**TASK REQUIREMENTS**
Set down all of the records below exactly, please, omitting the images.

(Dataset entries)
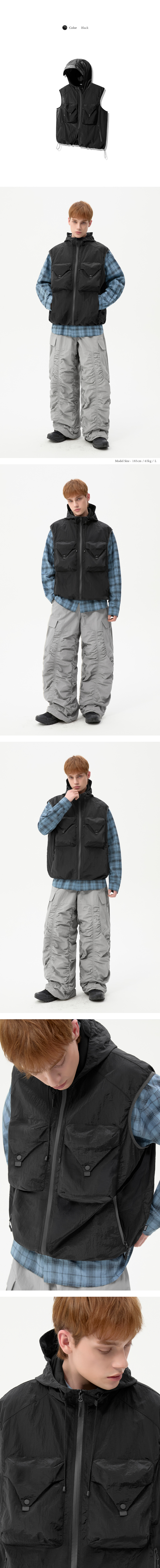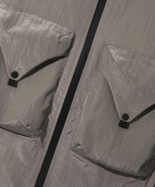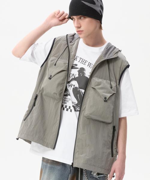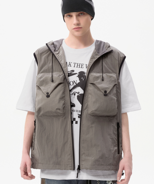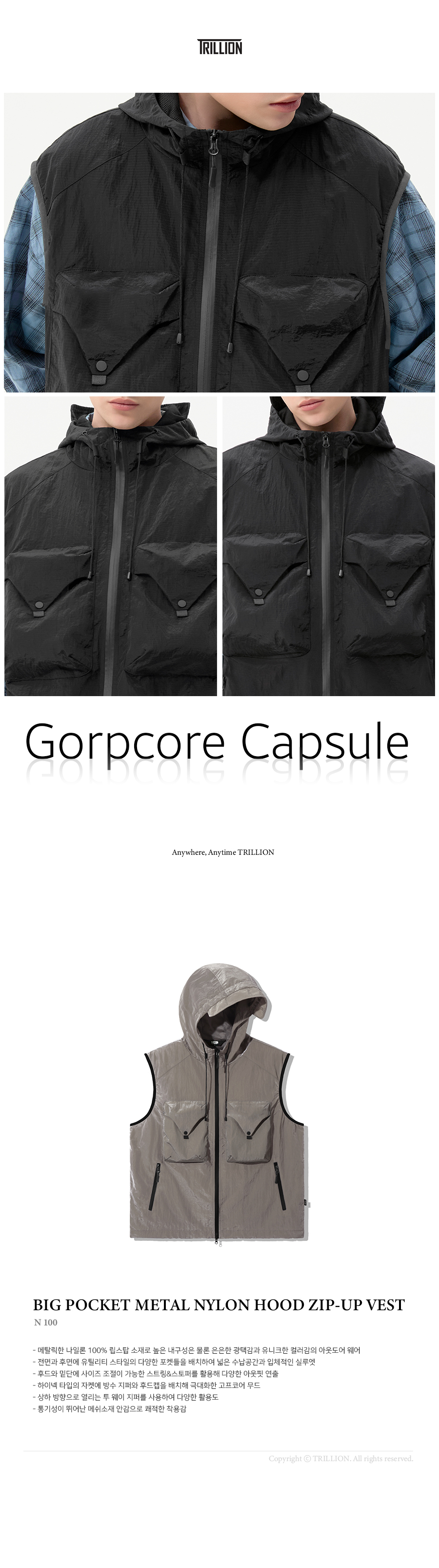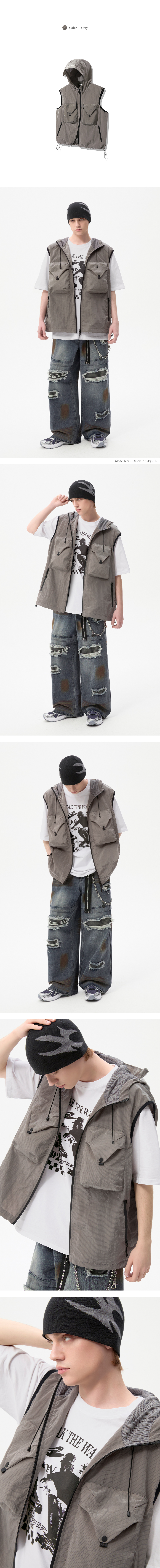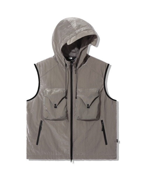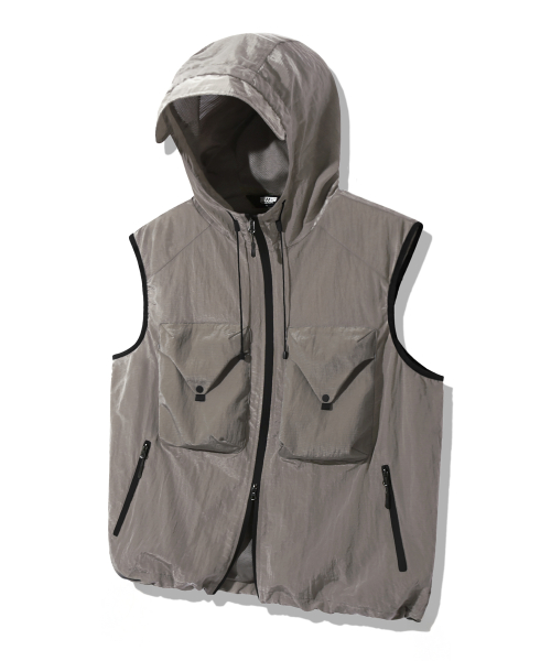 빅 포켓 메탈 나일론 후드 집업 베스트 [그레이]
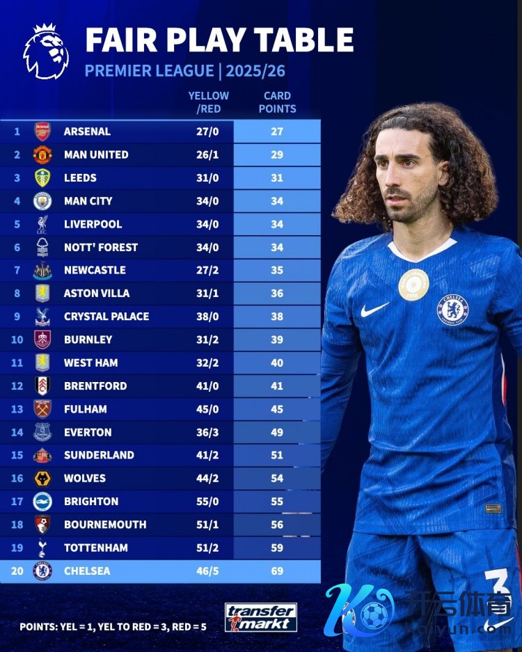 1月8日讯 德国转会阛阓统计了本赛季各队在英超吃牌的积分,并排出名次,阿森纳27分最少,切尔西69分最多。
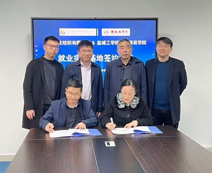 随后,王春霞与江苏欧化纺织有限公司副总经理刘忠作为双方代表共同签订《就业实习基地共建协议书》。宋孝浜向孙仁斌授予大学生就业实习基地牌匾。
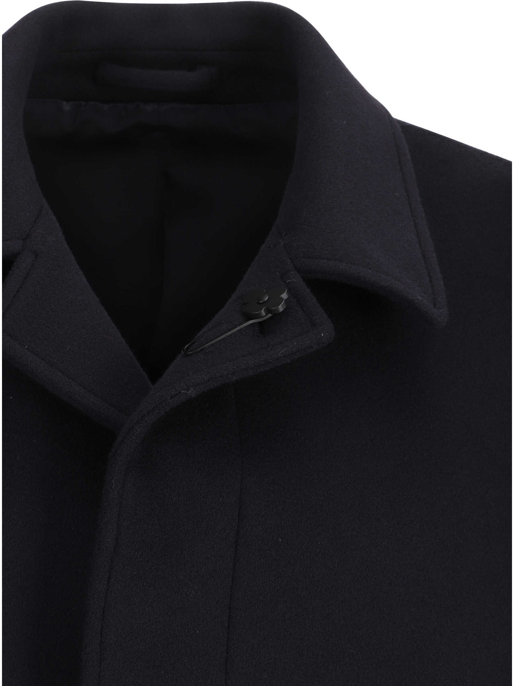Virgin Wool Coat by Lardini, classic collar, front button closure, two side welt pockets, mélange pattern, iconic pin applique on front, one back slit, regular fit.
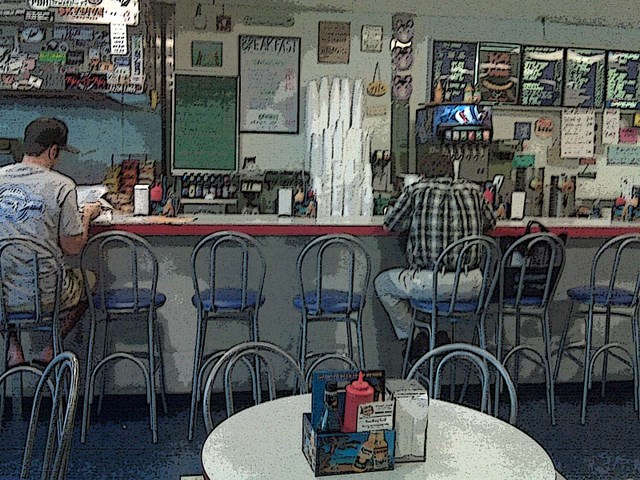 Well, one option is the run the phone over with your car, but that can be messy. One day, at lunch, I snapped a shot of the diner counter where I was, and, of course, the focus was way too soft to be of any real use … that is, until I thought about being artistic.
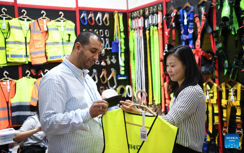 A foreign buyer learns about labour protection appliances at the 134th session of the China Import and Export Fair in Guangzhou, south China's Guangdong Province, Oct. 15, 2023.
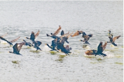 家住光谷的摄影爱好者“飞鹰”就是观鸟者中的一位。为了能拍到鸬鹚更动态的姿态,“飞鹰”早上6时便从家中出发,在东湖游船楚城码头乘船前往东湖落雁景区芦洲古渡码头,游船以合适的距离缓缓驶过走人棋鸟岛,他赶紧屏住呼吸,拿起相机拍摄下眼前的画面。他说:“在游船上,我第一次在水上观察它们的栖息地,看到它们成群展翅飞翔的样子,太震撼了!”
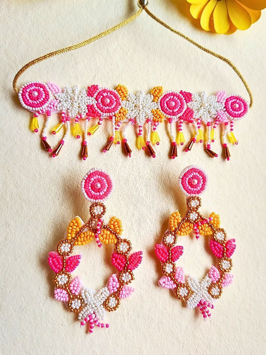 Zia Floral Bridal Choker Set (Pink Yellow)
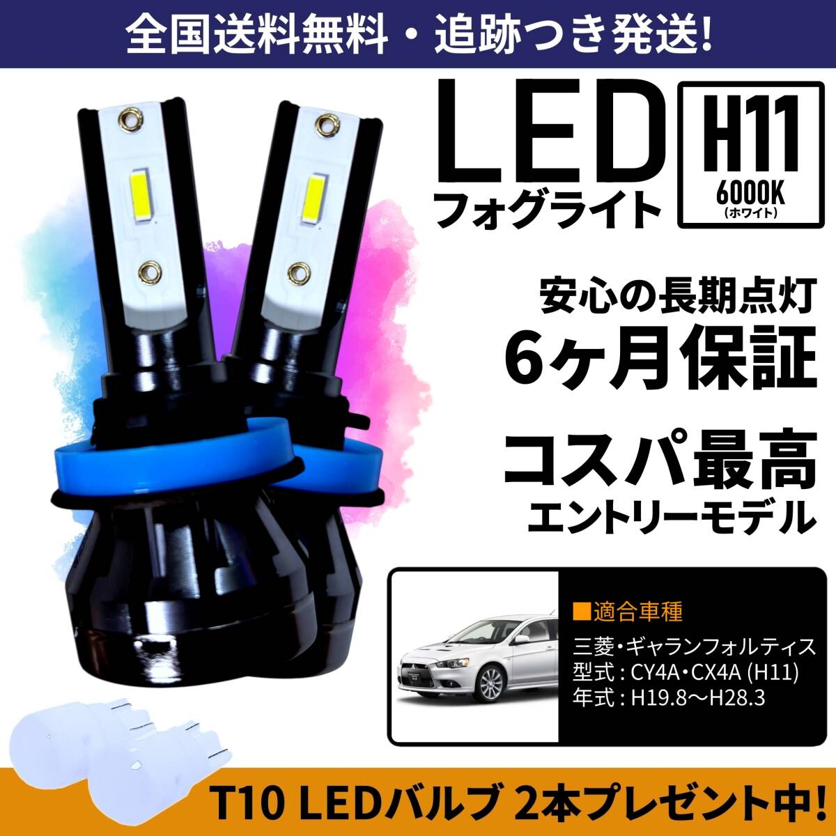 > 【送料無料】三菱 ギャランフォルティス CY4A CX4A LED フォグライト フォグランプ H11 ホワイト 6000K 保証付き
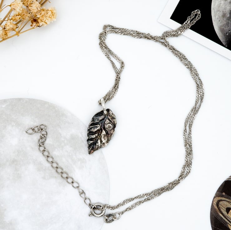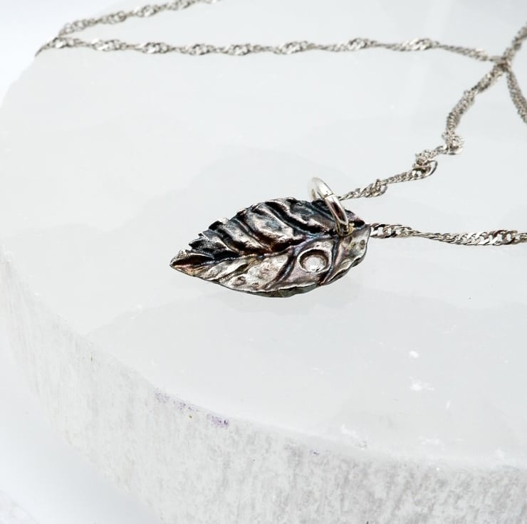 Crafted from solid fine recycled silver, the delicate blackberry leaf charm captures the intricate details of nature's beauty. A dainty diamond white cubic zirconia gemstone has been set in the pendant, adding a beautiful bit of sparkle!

**SOLUTION FOR THIS EXERCISE**
 빅 포켓 메탈 나일론 후드 집업 베스트 [그레이]
 1月8日讯 德国转会阛阓统计了本赛季各队在英超吃牌的积分,并排出名次,阿森纳27分最少,切尔西69分最多。
 随后,王春霞与江苏欧化纺织有限公司副总经理刘忠作为双方代表共同签订《就业实习基地共建协议书》。宋孝浜向孙仁斌授予大学生就业实习基地牌匾。
Virgin Wool Coat by Lardini, classic collar, front button closure, two side welt pockets, mélange pattern, iconic pin applique on front, one back slit, regular fit.
 Well, one option is the run the phone over with your car, but that can be messy. One day, at lunch, I snapped a shot of the diner counter where I was, and, of course, the focus was way too soft to be of any real use … that is, until I thought about being artistic.
 A foreign buyer learns about labour protection appliances at the 134th session of the China Import and Export Fair in Guangzhou, south China's Guangdong Province, Oct. 15, 2023.
 家住光谷的摄影爱好者“飞鹰”就是观鸟者中的一位。为了能拍到鸬鹚更动态的姿态,“飞鹰”早上6时便从家中出发,在东湖游船楚城码头乘船前往东湖落雁景区芦洲古渡码头,游船以合适的距离缓缓驶过走人棋鸟岛,他赶紧屏住呼吸,拿起相机拍摄下眼前的画面。他说:“在游船上,我第一次在水上观察它们的栖息地,看到它们成群展翅飞翔的样子,太震撼了!”
 Zia Floral Bridal Choker Set (Pink Yellow)
 > 【送料無料】三菱 ギャランフォルティス CY4A CX4A LED フォグライト フォグランプ H11 ホワイト 6000K 保証付き
 Crafted from solid fine recycled silver, the delicate blackberry leaf charm captures the intricate details of nature's beauty. A dainty diamond white cubic zirconia gemstone has been set in the pendant, adding a beautiful bit of sparkle!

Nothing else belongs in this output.